THROUGHOUT OUR HISTORY, presidents have had to cajole the public to send troops overseas. Now with the Cold War over, what kind of foreign involvement is acceptable for the sole superpower?
Once again an American president has sent American soldiers in harm’s way despite a constant, historic reluctance of the American people to do so. Almost every president in this century has had to confront the obligations of upholding the idea of democracy around the globe for diplomatic, strategic, economic and even moral reasons.
And each time, in each decade, the president has been perplexed by the potential political hostility of a nation that only once in its history has universally accepted the gauntlet of warfare.

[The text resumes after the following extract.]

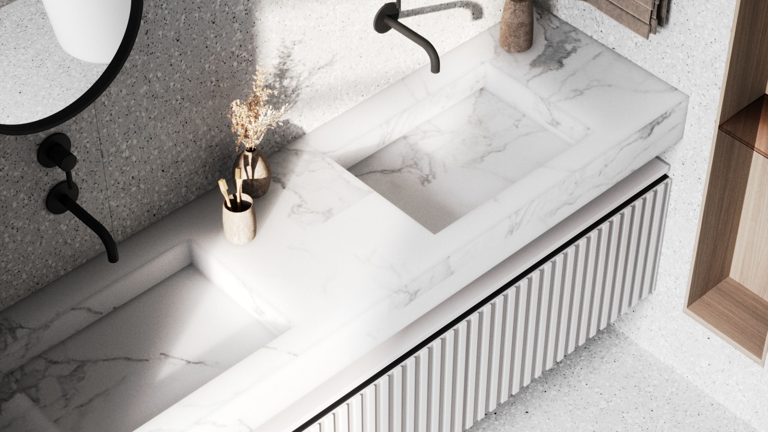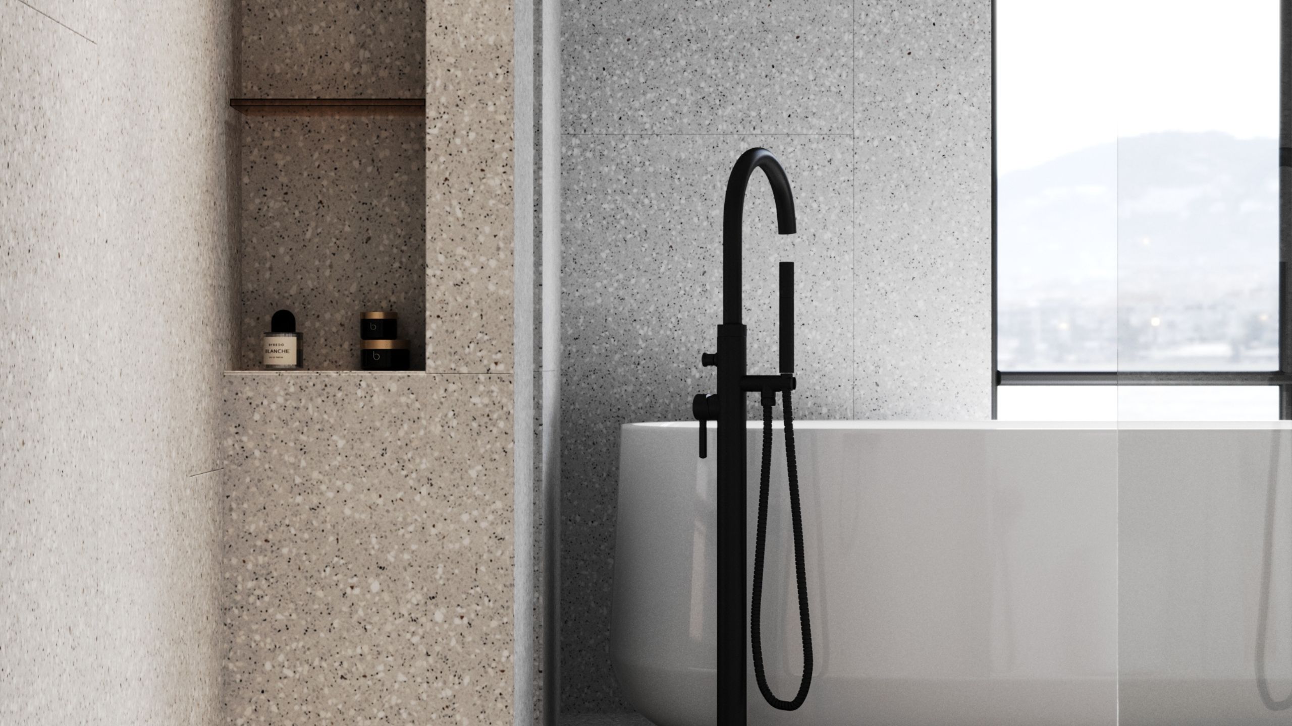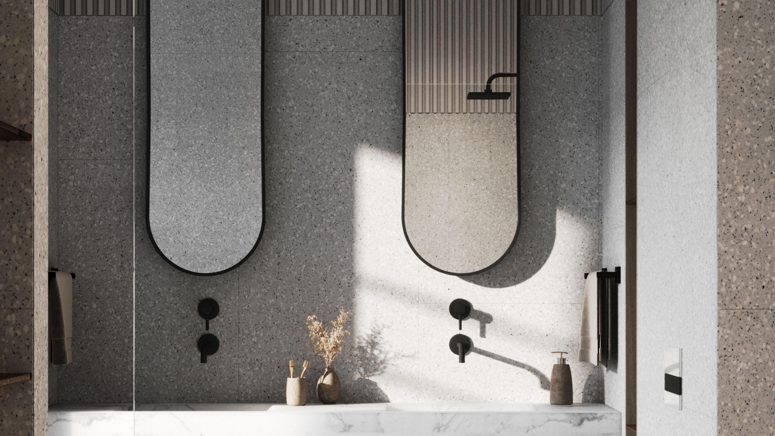 Ванна обтекаемой формы напоминает капсулу, миниатюрный космический шаттл, а иллюминаторы — большие, вытянутые зеркала. Дизайн интерьера выстроен по канонам минимализма. гладкие и ровные поверхности, отсутствие большого количества декоративных элементов, простор и свобода от визуального шума. В такой ванной действительно оказываешься будто бы на другой планете.

Whether it was Lincoln preserving the union, Wilson making the world safe for democracy, Roosevelt opposing fascism, Truman, Kennedy and Johnson struggling with the threat of creeping communism, Americans have had to be lobbied, persuaded and convinced that the defense of freedom around the world was in fact a defense of their freedom. The argument rarely prevailed. In Southeast Asia it failed totally. Truman and Johnson were denied re-election opportunities because of Korea and Vietnam.
Now that President Clinton has again sent an armed force, a peacekeeping force, to foreign soil, his likely opponent in the 1996 election is the spokesman for all those who see no reason for any American soldier to die in the former Yugoslavia. Sen. Bob Dole will not support Clinton’s decision, only the American servicemen and women who will execute it. Dole is less cynical than many of his colleagues whose collective statements can be summed up as: What’s in it for us?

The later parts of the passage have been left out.